Problem to work on
Below are some records. Retype exactly the lines from the one containing "Maglia basic a" through the one containing "인공지능(AI) 기반 검사시스템이다.", both included, skipping every picture.

Supplied data

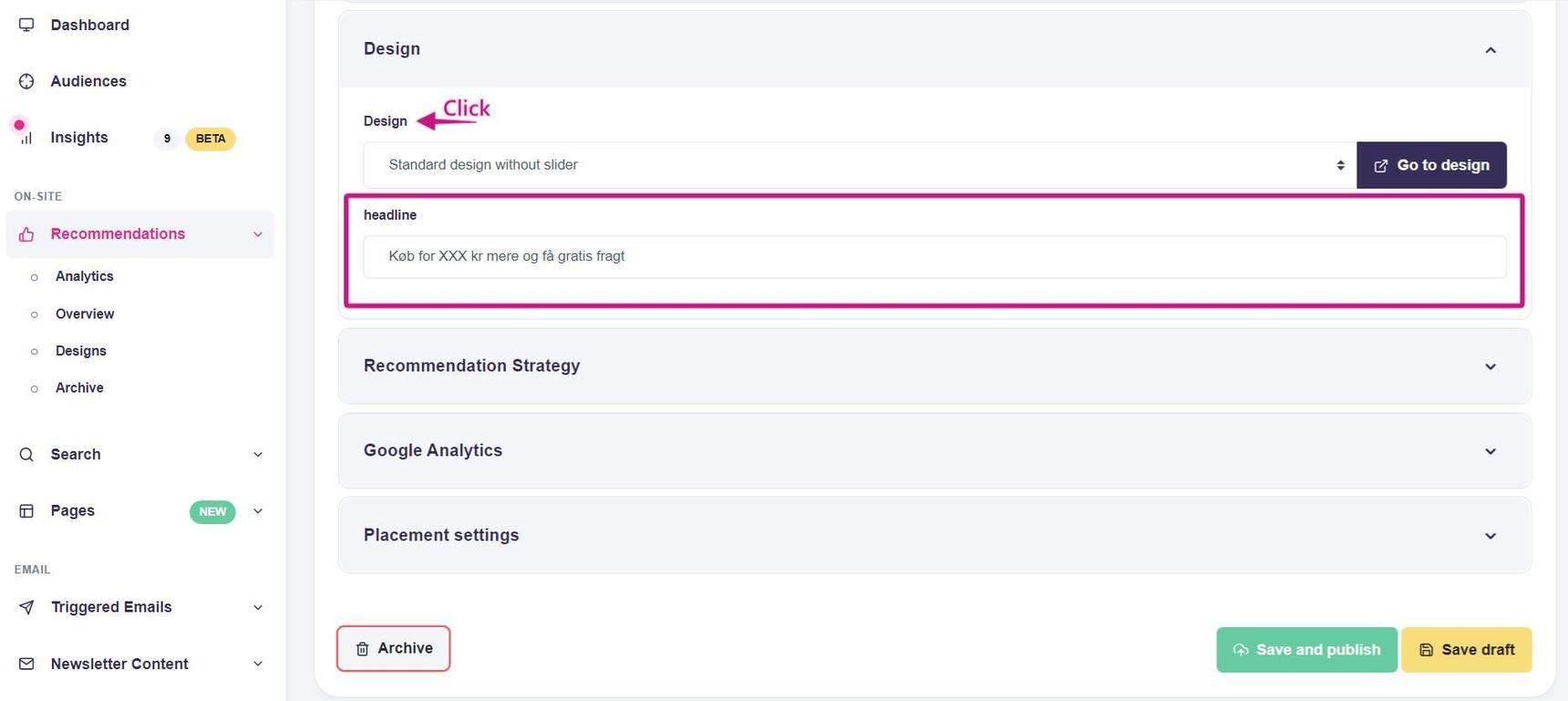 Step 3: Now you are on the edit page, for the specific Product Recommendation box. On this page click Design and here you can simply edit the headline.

...

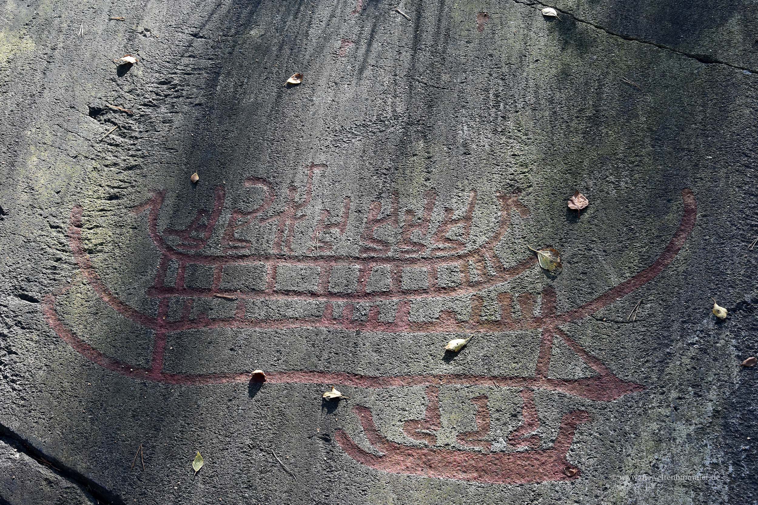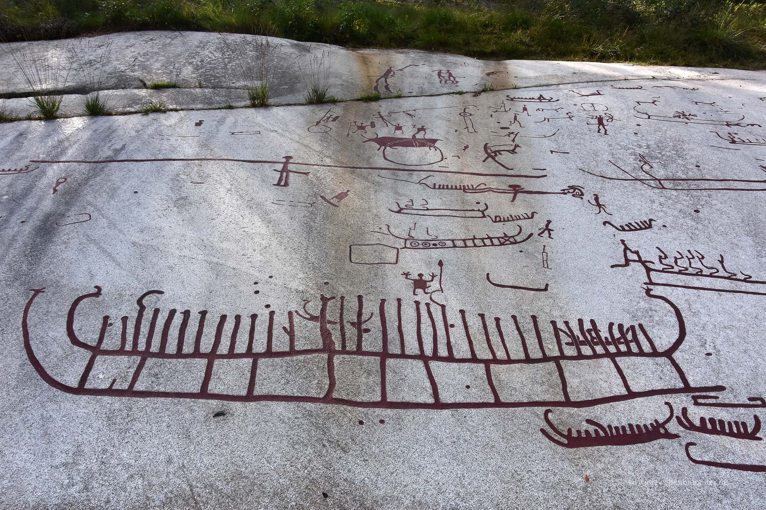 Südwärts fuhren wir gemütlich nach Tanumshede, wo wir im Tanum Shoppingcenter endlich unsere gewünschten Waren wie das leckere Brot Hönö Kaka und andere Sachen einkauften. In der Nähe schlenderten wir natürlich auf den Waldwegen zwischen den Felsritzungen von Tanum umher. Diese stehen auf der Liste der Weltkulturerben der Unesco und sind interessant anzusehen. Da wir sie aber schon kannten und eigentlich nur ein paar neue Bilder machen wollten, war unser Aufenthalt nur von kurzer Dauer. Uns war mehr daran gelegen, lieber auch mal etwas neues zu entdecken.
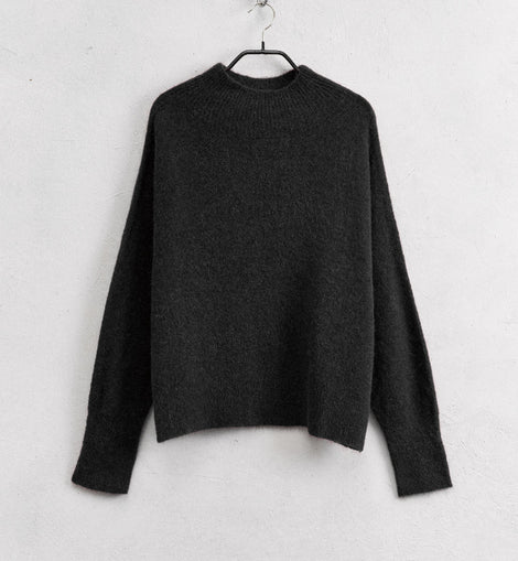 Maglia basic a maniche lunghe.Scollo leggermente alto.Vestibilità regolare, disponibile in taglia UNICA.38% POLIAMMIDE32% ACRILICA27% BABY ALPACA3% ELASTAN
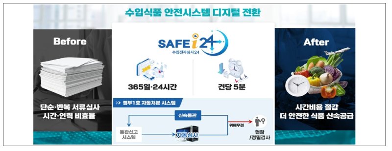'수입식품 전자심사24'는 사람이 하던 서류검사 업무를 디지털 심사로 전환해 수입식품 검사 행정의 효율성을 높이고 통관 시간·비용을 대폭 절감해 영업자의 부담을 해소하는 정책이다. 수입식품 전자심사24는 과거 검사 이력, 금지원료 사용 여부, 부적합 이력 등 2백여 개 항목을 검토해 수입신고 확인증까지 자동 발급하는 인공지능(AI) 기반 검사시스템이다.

Task result
 Maglia basic a maniche lunghe.Scollo leggermente alto.Vestibilità regolare, disponibile in taglia UNICA.38% POLIAMMIDE32% ACRILICA27% BABY ALPACA3% ELASTAN
'수입식품 전자심사24'는 사람이 하던 서류검사 업무를 디지털 심사로 전환해 수입식품 검사 행정의 효율성을 높이고 통관 시간·비용을 대폭 절감해 영업자의 부담을 해소하는 정책이다. 수입식품 전자심사24는 과거 검사 이력, 금지원료 사용 여부, 부적합 이력 등 2백여 개 항목을 검토해 수입신고 확인증까지 자동 발급하는 인공지능(AI) 기반 검사시스템이다.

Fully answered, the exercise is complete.